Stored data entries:
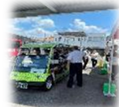
▲ルート体験会の実施状況
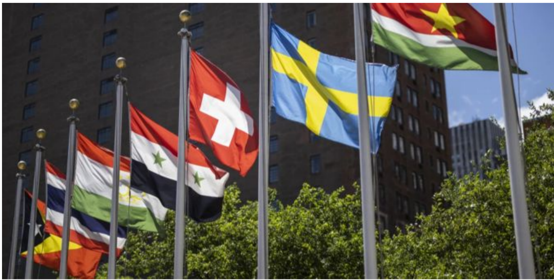
Im Mai 2023 präsidiert die Schweiz den UNO-Sicherheitsrat: Dabei stelle die Neutralität keinerlei Hindernis dar, erklärt Experte Sacha Zala. (Archivbild)

Im Mai 2023 präsidiert die Schweiz den UNO-Sicherheitsrat: Dabei stelle die Neutralität keinerlei Hindernis dar, erklärt Sacha Zala von der Universität Bern.
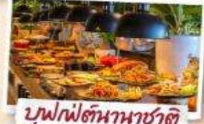
บุฟเฟ่ต์นานาชาติ
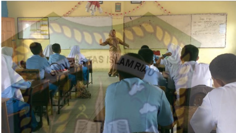
Gambar 15: Kegiatan Mengamati Gerakan Tari Berikutnya

diajarkan kepada peserta didik. Guru meminta kepada peserta didik untuk mempraktekkan gerakan pertama sampai terakhir dengan menggunakan hitungan.
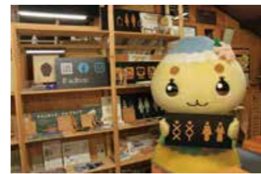
▲いろいろなデザインのサインができるよ

大井町にある有限会社アド・ループへ行ってきたんだナ！この会社では看板の制作を中心として、店づくりの企画からデザイン、施工管理まで一貫してやっているんだよ。いろいろな部署が密接に連携している、ブレない仕事ができるから、発注者の思いをそのまま製品に反映できるんだって！ 創業は38年前、社長が筆一本でお店の図面を引き始めたのが会社の始まりなんだって。「一生懸命」をずっと大事にして、店の顔づくりをトータルで任せられる会社になったんだナ！ 今ではお店だけでなく、おしま二葉
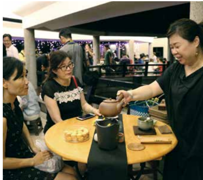
陶花曲戲茶，邀請民眾賞月、聽曲、品茗、享茶點。

港區藝術中心年度活動「清風茶宴」，2017年10月1日晚間迎來三部曲「陶·花·曲·戲·茶」，適逢中秋佳節前的週日夜晚，除了舉頭望明月、品上一壺專業司茶人精心泡製的好茶與佈置的花藝茶席之外，活動更規劃一場爵士女伶五重奏帶來的經典爵士與巴薩諾瓦（Bossa Nova）悠閒愜意音樂饗宴，令人留下深刻印象。
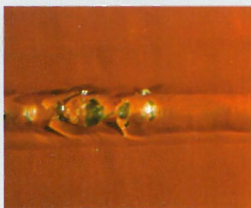
Laminado fibra de vidrio
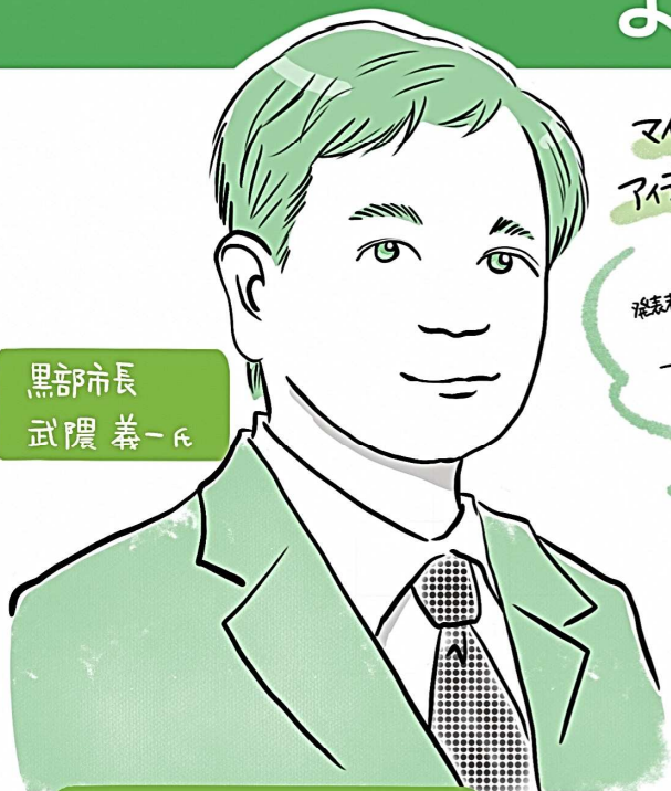
黒部市長 武隈 義一氏
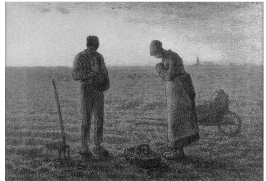
L'Angélus ein Ölgemälde von Jean-François Millet
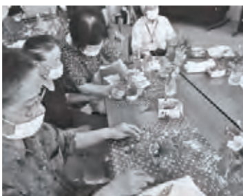
どの角度からみても
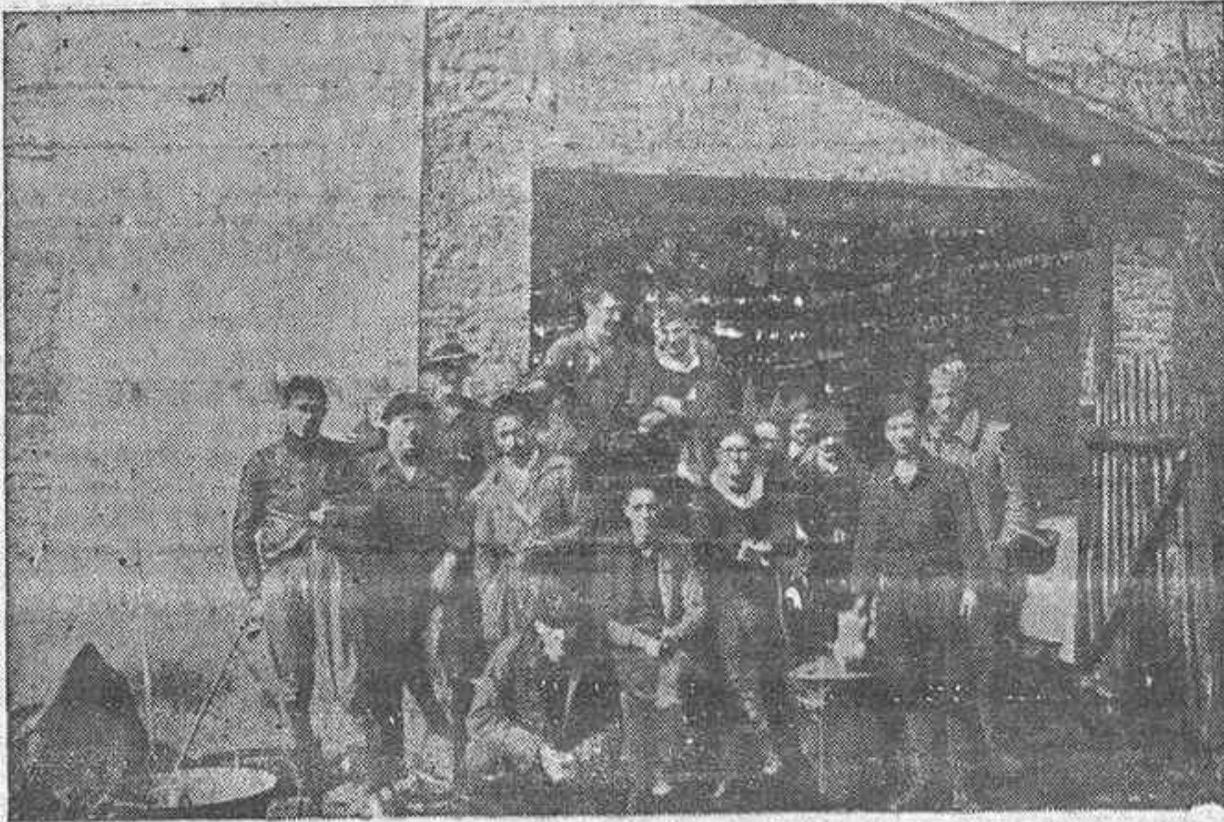
Milicianos del Batallón de Celes to
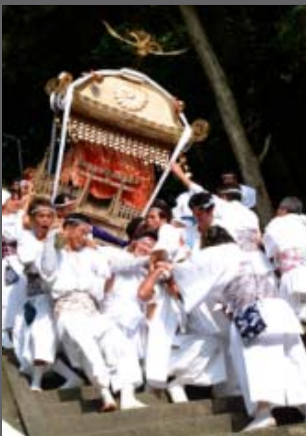
ただでさえ足がすくみそうな急斜面を神輿をかついでかけおろる
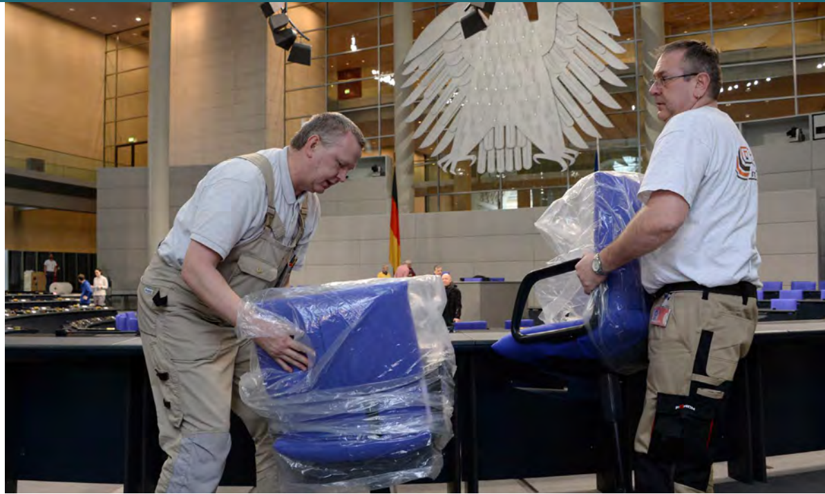
Nach jeder Wahl beginnt im Bundestag in Berlin erneut das Stühlerücken. Diesmal werden über 100 Plätze abgebaut.
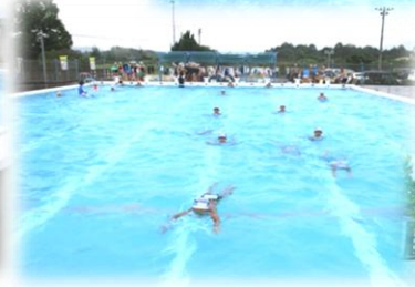
痛んでいたプール、 よくなりました。
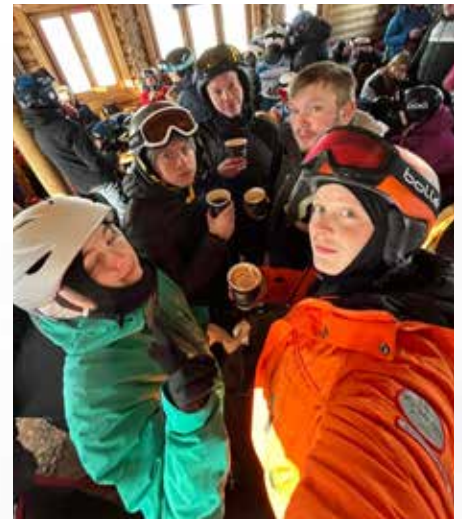
Vetrarferð / skíðaferð til Akureyrar fyrir 16 ára og eldri er orðinn fastur liður í starfinu.
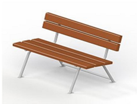
Садово-парковый диван на металлических ножках

Площадь асфальтирования тротуаров 117,67 кв.м
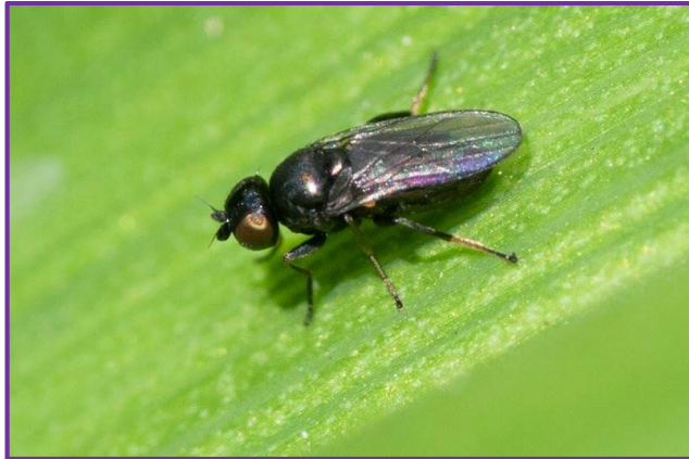
Slika 11. Imago švedske mušice
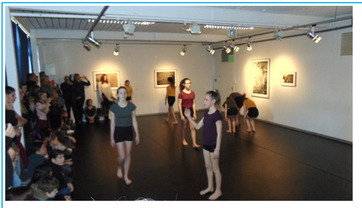
Détail d'exposition La langue verte des arbres , FRAC, 2018
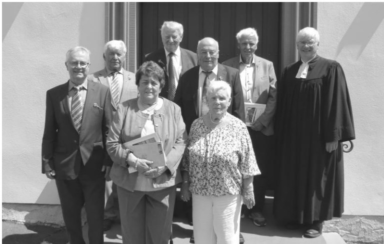
Die sieben Eisernen Konfirmandinnen und Konfirmanden.
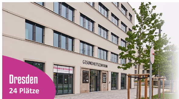
Dresden 24 Plätze

DRESDEN. Mit Wirkung vom 01.06.2024 hat unsere Einrichtung in Dresden den Betrieb aufgenommen. Im Gesundheitszentrum Dresden Mitte erstreckt sich die Comcura über drei Etagen. Nicht nur die schönen Räumlichkeiten, sondern auch die pflegerische, therapeutische und ärztliche Versorgung bieten ein hohes Maß an Qualität und sorgen dafür, dass sich unsere Patient:innen von Anfang an bei uns wohlfühlen. Die optimale Verkehrsanbindung ermöglicht es unseren Besuchern direkt vor der Tür auszusteigen und ihren Besuchen nachzukommen. Unsere Mitarbeitende finden eine moderne, nach dem neuesten Stand der Wissenschaft ausgerichtete Einrichtung. Neue Patient:innen finden bei uns vollausgestattete Einzelzimmer mit inkludiertem Badezimmer.
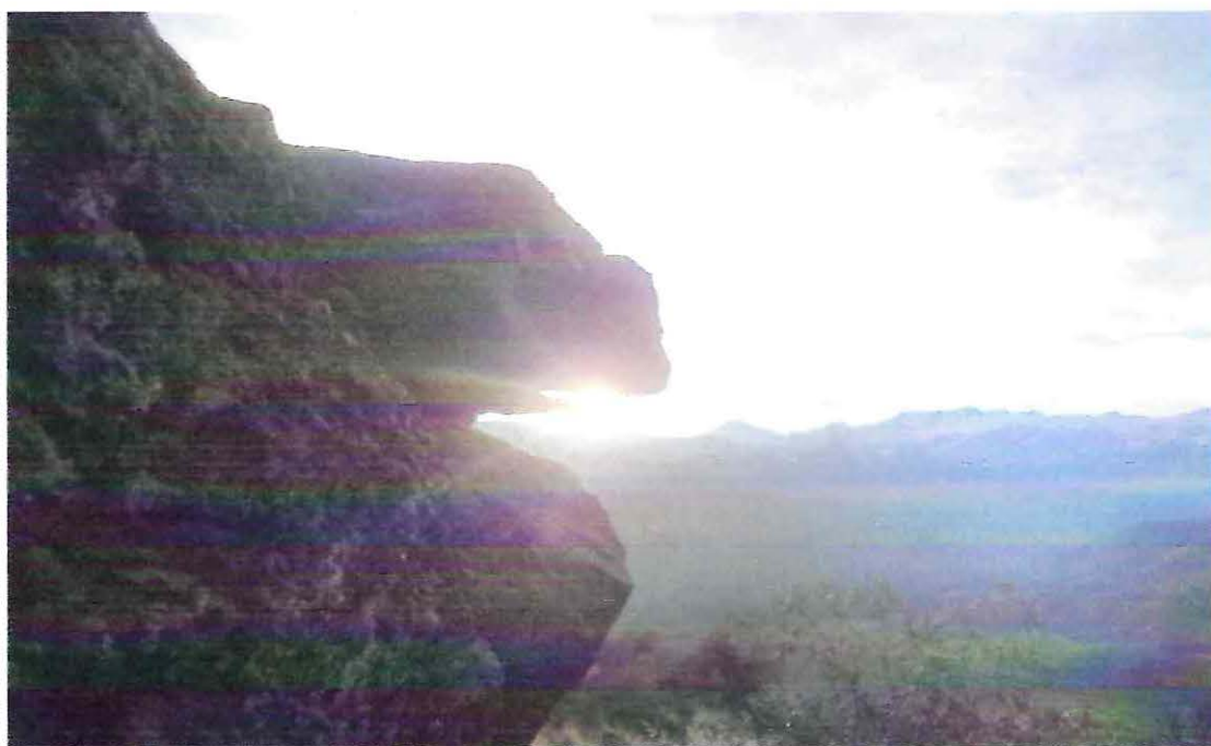
Piedra intihuatana amarre del nuevo sol. (Anti)

● **TASK ITEM**
Pictures are to be left out; the records above must be repeated word for word.

● **RESULT BELOW**
▲ルート体験会の実施状況
Im Mai 2023 präsidiert die Schweiz den UNO-Sicherheitsrat: Dabei stelle die Neutralität keinerlei Hindernis dar, erklärt Experte Sacha Zala. (Archivbild)

Im Mai 2023 präsidiert die Schweiz den UNO-Sicherheitsrat: Dabei stelle die Neutralität keinerlei Hindernis dar, erklärt Sacha Zala von der Universität Bern.
บุฟเฟ่ต์นานาชาติ
Gambar 15: Kegiatan Mengamati Gerakan Tari Berikutnya

diajarkan kepada peserta didik. Guru meminta kepada peserta didik untuk mempraktekkan gerakan pertama sampai terakhir dengan menggunakan hitungan.
▲いろいろなデザインのサインができるよ

大井町にある有限会社アド・ループへ行ってきたんだナ！この会社では看板の制作を中心として、店づくりの企画からデザイン、施工管理まで一貫してやっているんだよ。いろいろな部署が密接に連携している、ブレない仕事ができるから、発注者の思いをそのまま製品に反映できるんだって！ 創業は38年前、社長が筆一本でお店の図面を引き始めたのが会社の始まりなんだって。「一生懸命」をずっと大事にして、店の顔づくりをトータルで任せられる会社になったんだナ！ 今ではお店だけでなく、おしま二葉
陶花曲戲茶，邀請民眾賞月、聽曲、品茗、享茶點。

港區藝術中心年度活動「清風茶宴」，2017年10月1日晚間迎來三部曲「陶·花·曲·戲·茶」，適逢中秋佳節前的週日夜晚，除了舉頭望明月、品上一壺專業司茶人精心泡製的好茶與佈置的花藝茶席之外，活動更規劃一場爵士女伶五重奏帶來的經典爵士與巴薩諾瓦（Bossa Nova）悠閒愜意音樂饗宴，令人留下深刻印象。
Laminado fibra de vidrio
黒部市長 武隈 義一氏
L'Angélus ein Ölgemälde von Jean-François Millet
どの角度からみても
Milicianos del Batallón de Celes to
ただでさえ足がすくみそうな急斜面を神輿をかついでかけおろる
Nach jeder Wahl beginnt im Bundestag in Berlin erneut das Stühlerücken. Diesmal werden über 100 Plätze abgebaut.
痛んでいたプール、 よくなりました。
Vetrarferð / skíðaferð til Akureyrar fyrir 16 ára og eldri er orðinn fastur liður í starfinu.
Садово-парковый диван на металлических ножках

Площадь асфальтирования тротуаров 117,67 кв.м
Slika 11. Imago švedske mušice
Détail d'exposition La langue verte des arbres , FRAC, 2018
Die sieben Eisernen Konfirmandinnen und Konfirmanden.
Dresden 24 Plätze

DRESDEN. Mit Wirkung vom 01.06.2024 hat unsere Einrichtung in Dresden den Betrieb aufgenommen. Im Gesundheitszentrum Dresden Mitte erstreckt sich die Comcura über drei Etagen. Nicht nur die schönen Räumlichkeiten, sondern auch die pflegerische, therapeutische und ärztliche Versorgung bieten ein hohes Maß an Qualität und sorgen dafür, dass sich unsere Patient:innen von Anfang an bei uns wohlfühlen. Die optimale Verkehrsanbindung ermöglicht es unseren Besuchern direkt vor der Tür auszusteigen und ihren Besuchen nachzukommen. Unsere Mitarbeitende finden eine moderne, nach dem neuesten Stand der Wissenschaft ausgerichtete Einrichtung. Neue Patient:innen finden bei uns vollausgestattete Einzelzimmer mit inkludiertem Badezimmer.
Piedra intihuatana amarre del nuevo sol. (Anti)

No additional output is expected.